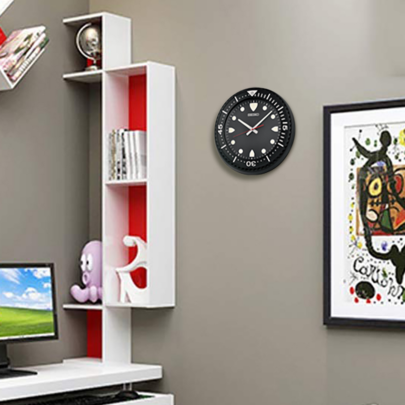 Big Style. Big Personality. Big Time. Make a bold statement with the Seiko Wall Clock where iconic design meets oversized impact. Inspired by the look of popular mens diver watches, this wall clock brings sporty style and serious timekeeping to any room. Choose from blue and red, black, or silver case colors to match your vibe. The aluminum frame features easy-to-read numeral indicators for minutes or seconds, and LumiBrite accents on the hour markers and hands ensure visibility even in the dark. With a quiet sweep second hand that glides smoothly (no ticking here.), its perfect for bedrooms, home offices, game rooms, or any spot where silence is golden. Whether you are young, grown up, or somewhere in between, this clock brings a fun and functional twist to wall décor. Features You will Love: Sporty, oversized design like a diver watch for your wall. Available in blue/red, black, or silver, aluminum frame with minute/second indicators, LumiBrite hands and hour markers glow in the dark, quiet sweep second hand no ticking distractions, powered by 1 AA battery (included). Quartz crystal movement for top notch accuracy, big and bold at 18 x 18 x 3.5 inches. Perfect for tweens to adults, the Seiko Big Time Wall Clock is more than just a timepiece its a conversation starter, a room-enhancer, and a reminder that time should always look this good.
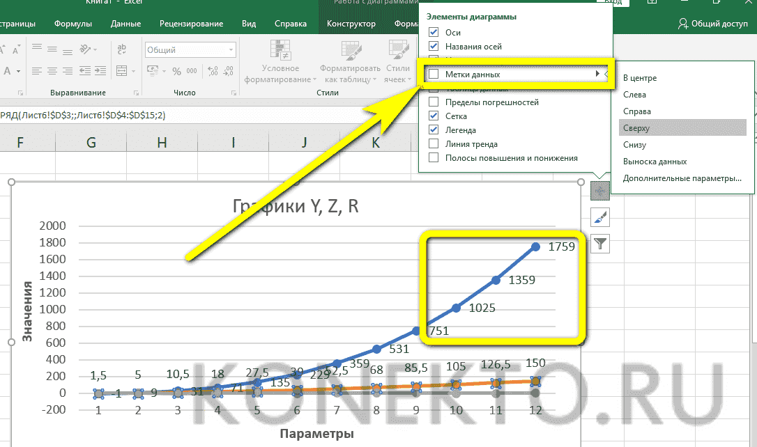 В нашем случае на диаграмме две линии. Первый красный. Второй — синий. Последний нам не нужен, поэтому мы можем удалить его, выделив его и нажав кнопку «Удалить». Так как у нас всего одна линия, также возможно удалить легенду (блок с названиями отдельных линий графика). Но у бомбардиров имя получше. Найдите панель «Инструменты диаграммы» и блок «Метки данных» на вкладке «Макет». Здесь нужно определить положение чисел.
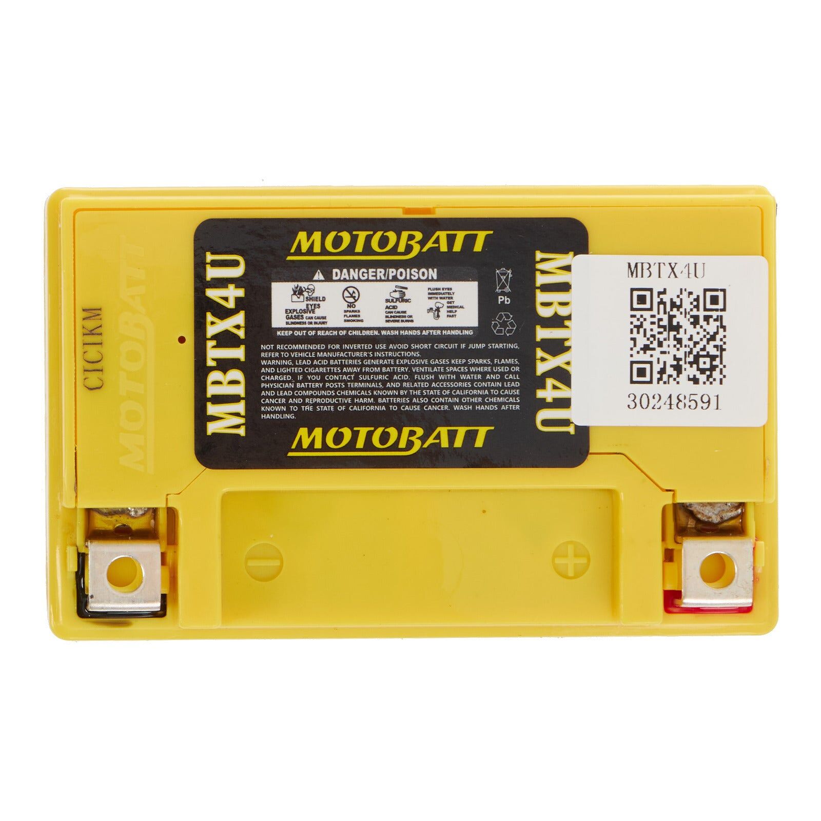Specifically designed for motorcycles, Motobatt batteries offer much higher cranking power and higher amp hour ratings. Their batteries can withstand constant starting without draining the battery or causing long-term cell damage. Their unique terminal design offers far greater versatility, allowing them to fit a wider range of applications which enables stockists to carry a narrower range of batteries for a large market, which makes it easier for retail customers to find a battery to fit their vehicle, in stock. Motobatt batteries are manufactured from Absorbed Glass Mat (AGM), this design has revolutionised the motorcycle, ATV, lawnmower and small engine industry. QuadFlex provides a unique four-terminal design with two positives, two negatives along with height spacers that permit an almost universal fit. All Motobatt AGM Batteries are maintenance-free, non-hazardous, non-spill, charged and ready to install directly out of the box. Each plate in the battery is wrapped in a fibrous glass matting which not only absorbs all liquid electrolytes but keeps the plates separated in a cushioned environment. This stops the plates from vibrating which can break down the plate and cause short circuits between the plates or break plate welds which results in battery failure. The thick, heavy plates used in Motobatt designs really make the difference. AGM batteries also have a much lower inherent self-discharge rate than wet flooded types. And, as a higher amp hour AGM battery, the Motobatt battery can also discharge more deeply and recover repeatedly under the vehicle alternator charge or through maintenance charging. A standard flooded cell battery is not capable of withstanding this type of cycling without premature failure. Your Motobatt is a Factory Activated battery, it comes to you pre-conditioned and fully charged for optimum performance and ready to install out of the box. 80% of early Powersports battery failure is caused by faulty activation of the dry battery plates. Additionally, you never have to mess with acid or top up fluid levels or remove corrosion from the terminals caused by gassing, which are all common with standard flooded battery types. Specifications: Voltage: 12V C(10) Ah: 4.7 C(20) Ah: 5 CCA (Cold Cranking Amps): 70A MCA (Marine Cranking Amps): 126A PHCA (Pulse Hot Cranking Amps): 290A Weight: 1.57kg (3.46lbs) Dimensions (LxWxH): 114 x 70 x 87mm (4.49 x 2.76 x 3.43) Terminals: 2, M5x2.5 (MPT1) Screws: 4, M5x7 (2x MPS1) Allen Wrench: 1, 3x3 (MPAK1) Terminal Caps: 2, 11x5.5 (MPC1) Spacer: None Features: Patented QuadFlex multi-fit terminals. Absorbed Glass Mat technology – ensures greater protection against vibration and gives a longer lifecycle. Fully sealed – Can be mounted and transported in any position. No initial charging – Install and go, charged right out of the box. Maintenance Free – No messy acid to worry about. 20% more cold cranking amps (CCA). Easy accessory connection with multiple terminals.

» EXERCISE GOAL: Word for word, restate the material above; do not carry over the pictures.

» TASK SOLUTION:
 Big Style. Big Personality. Big Time. Make a bold statement with the Seiko Wall Clock where iconic design meets oversized impact. Inspired by the look of popular mens diver watches, this wall clock brings sporty style and serious timekeeping to any room. Choose from blue and red, black, or silver case colors to match your vibe. The aluminum frame features easy-to-read numeral indicators for minutes or seconds, and LumiBrite accents on the hour markers and hands ensure visibility even in the dark. With a quiet sweep second hand that glides smoothly (no ticking here.), its perfect for bedrooms, home offices, game rooms, or any spot where silence is golden. Whether you are young, grown up, or somewhere in between, this clock brings a fun and functional twist to wall décor. Features You will Love: Sporty, oversized design like a diver watch for your wall. Available in blue/red, black, or silver, aluminum frame with minute/second indicators, LumiBrite hands and hour markers glow in the dark, quiet sweep second hand no ticking distractions, powered by 1 AA battery (included). Quartz crystal movement for top notch accuracy, big and bold at 18 x 18 x 3.5 inches. Perfect for tweens to adults, the Seiko Big Time Wall Clock is more than just a timepiece its a conversation starter, a room-enhancer, and a reminder that time should always look this good.
 В нашем случае на диаграмме две линии. Первый красный. Второй — синий. Последний нам не нужен, поэтому мы можем удалить его, выделив его и нажав кнопку «Удалить». Так как у нас всего одна линия, также возможно удалить легенду (блок с названиями отдельных линий графика). Но у бомбардиров имя получше. Найдите панель «Инструменты диаграммы» и блок «Метки данных» на вкладке «Макет». Здесь нужно определить положение чисел.
Specifically designed for motorcycles, Motobatt batteries offer much higher cranking power and higher amp hour ratings. Their batteries can withstand constant starting without draining the battery or causing long-term cell damage. Their unique terminal design offers far greater versatility, allowing them to fit a wider range of applications which enables stockists to carry a narrower range of batteries for a large market, which makes it easier for retail customers to find a battery to fit their vehicle, in stock. Motobatt batteries are manufactured from Absorbed Glass Mat (AGM), this design has revolutionised the motorcycle, ATV, lawnmower and small engine industry. QuadFlex provides a unique four-terminal design with two positives, two negatives along with height spacers that permit an almost universal fit. All Motobatt AGM Batteries are maintenance-free, non-hazardous, non-spill, charged and ready to install directly out of the box. Each plate in the battery is wrapped in a fibrous glass matting which not only absorbs all liquid electrolytes but keeps the plates separated in a cushioned environment. This stops the plates from vibrating which can break down the plate and cause short circuits between the plates or break plate welds which results in battery failure. The thick, heavy plates used in Motobatt designs really make the difference. AGM batteries also have a much lower inherent self-discharge rate than wet flooded types. And, as a higher amp hour AGM battery, the Motobatt battery can also discharge more deeply and recover repeatedly under the vehicle alternator charge or through maintenance charging. A standard flooded cell battery is not capable of withstanding this type of cycling without premature failure. Your Motobatt is a Factory Activated battery, it comes to you pre-conditioned and fully charged for optimum performance and ready to install out of the box. 80% of early Powersports battery failure is caused by faulty activation of the dry battery plates. Additionally, you never have to mess with acid or top up fluid levels or remove corrosion from the terminals caused by gassing, which are all common with standard flooded battery types. Specifications: Voltage: 12V C(10) Ah: 4.7 C(20) Ah: 5 CCA (Cold Cranking Amps): 70A MCA (Marine Cranking Amps): 126A PHCA (Pulse Hot Cranking Amps): 290A Weight: 1.57kg (3.46lbs) Dimensions (LxWxH): 114 x 70 x 87mm (4.49 x 2.76 x 3.43) Terminals: 2, M5x2.5 (MPT1) Screws: 4, M5x7 (2x MPS1) Allen Wrench: 1, 3x3 (MPAK1) Terminal Caps: 2, 11x5.5 (MPC1) Spacer: None Features: Patented QuadFlex multi-fit terminals. Absorbed Glass Mat technology – ensures greater protection against vibration and gives a longer lifecycle. Fully sealed – Can be mounted and transported in any position. No initial charging – Install and go, charged right out of the box. Maintenance Free – No messy acid to worry about. 20% more cold cranking amps (CCA). Easy accessory connection with multiple terminals.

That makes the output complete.